Our customers need to plan every upgrade on their side and manage the upgrades for every workload cluster release. Each customer has their own requirements regarding when they need to schedule upgrades (freeze periods, maintenance windows, etc.). At the same time, cloud native projects and Giant Swarm are continuously providing new releases. The preparation and execution of upgrades is time and labor intensive, while the fact that they are executed manually does not add much value to stakeholders.

Giant Swarm designed a versioning scheme (based on Semver), which includes all components on the stack, to ensure idempotence and expose the level of impact that changes bring to the customer. Patches and Minor releases should have no impact on the customer workloads, which means that they can be applied in the environments at any time.

Current state

Right now the automatic upgrades are carried by Solution Engineers (AEs and SAs) agreeing with the customer on upgrade windows and environments selected. The idea is to automate all this behavior and information under a Kubernetes operator(s) and Custom Resource(s).

The Solution Engineer plans cluster upgrades based on cluster type (environment, team,…) and maintenance windows offered by the customers. The upgrade is just a change on cluster- App manifest of the cluster.

Based on the fact Giant Swarm is moving to Cluster API this is story let us define a new greenfield scenario where we can design a model that can be more generic and not focus only in Giant Swarm platform. The idea would be contribute as much as possible with upstream due the fact most of this functionality would be useful for everyone that manages clusters.

Concepts

Cluster upgrade entity

There are different reason why we are interested in having an object to define the upgrade intent.

  • As we define in the user stories, we/customers would like to schedule upgrades on certain date from running version to a specific one. That way customer can plan upgrades ahead and so do we.
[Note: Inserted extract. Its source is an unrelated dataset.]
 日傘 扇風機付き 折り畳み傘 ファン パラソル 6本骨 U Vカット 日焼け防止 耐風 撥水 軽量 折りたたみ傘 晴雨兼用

  • We have a registry of upgrades done to a cluster for auditing and tracking purposes.

  • We can save cluster upgrade status displaying if something goes wrong or not.

  • In theory we can include apps upgrades together or separately. [UPDATE] Now this is possible thanks to OCI registries and Flux.
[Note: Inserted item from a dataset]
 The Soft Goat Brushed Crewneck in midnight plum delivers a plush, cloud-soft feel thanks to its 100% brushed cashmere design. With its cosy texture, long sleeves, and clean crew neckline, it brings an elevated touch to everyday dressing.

Maintenance schedule entity

Our customer can have a different set of constraints when it comes to allow changes in their clusters. The maintenance schedule would define those and then the clusters can rely on a policy to enforce the desired behavior.

The maintenance schedule would be reconciled by the cluster upgrade scheduler and it will program the upgrades based on that restrictions.
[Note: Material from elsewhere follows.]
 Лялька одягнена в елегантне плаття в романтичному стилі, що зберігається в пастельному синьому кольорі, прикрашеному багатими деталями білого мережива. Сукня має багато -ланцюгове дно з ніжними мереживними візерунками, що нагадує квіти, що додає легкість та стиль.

The maintenance schedule would contain

  • A way to define dates or times where clusters (or relatives) can be modified.

  • A way to define dates or times where clusters (or relatives) cannot be modified.

Technical aspects

We envision aforementioned concepts would become custom resource definitions and there will be additional controllers that would enhance and ensure the correct behavior.

Resources

ClusterUpgrade

Example resource:

apiVersion:
kind: ClusterUpgrade
metadata:
  name: upgrade-to-cluster-openstack-v1.20
  namespace: default
spec:
  matchers:
  - name: cluster_id
    value: mgab6
    isRegex: false
  - name: dev_clusters
    key: stage
    value: dev
    isRegex: true
  releaseRef:
    apiVersion: application.giantswarm.io/v1alpha1
    kind: Release
    name: v1.20.0
  startTime: 2021-03-10T07:00:00Z
status:
  triggeredAt: 2021-03-10T10:00:00Z
  state: finished
  outcome: success
  finishedAt: 2021-03-10T10:31:10Z
  fromRelease: v1.16.0
  toRelease: v1.20.0

MaintenanceSchedule

Example resource:

apiVersion:
kind: MaintenanceSchedule
metadata:
  name: working-hours-except-month-start
  namespace: default
spec:
  maintenanceWindows:
  - name: working-hours
    startTime: 2021-03-10T07:00:00Z
    endTime: 2021-03-10T17:00:00Z
    recurrence: FREQ=WEEKLY;BYDAY=MO,TU,WE,TH,FR
  maintenanceExclusions:
  - name: month-start
    startTime: 2021-03-01T00:00:00Z
    endTime: 2021-03-10T23:59:59Z
    recurrence: FREQ=MONTHLY

This would allow upgrades to happen between 07:00 UTC and 17:00 UTC on Monday-Friday, except for days between 1st and 10th of a month.

Controllers

Cluster upgrade executor

There will be an operator that based on the Cluster Upgrade CRs will trigger the upgrades changing the labels on the specific CR(s) when date matches or it will create the pull requests in Git repo to trigger the upgrade (Flux controllers could be used here for that).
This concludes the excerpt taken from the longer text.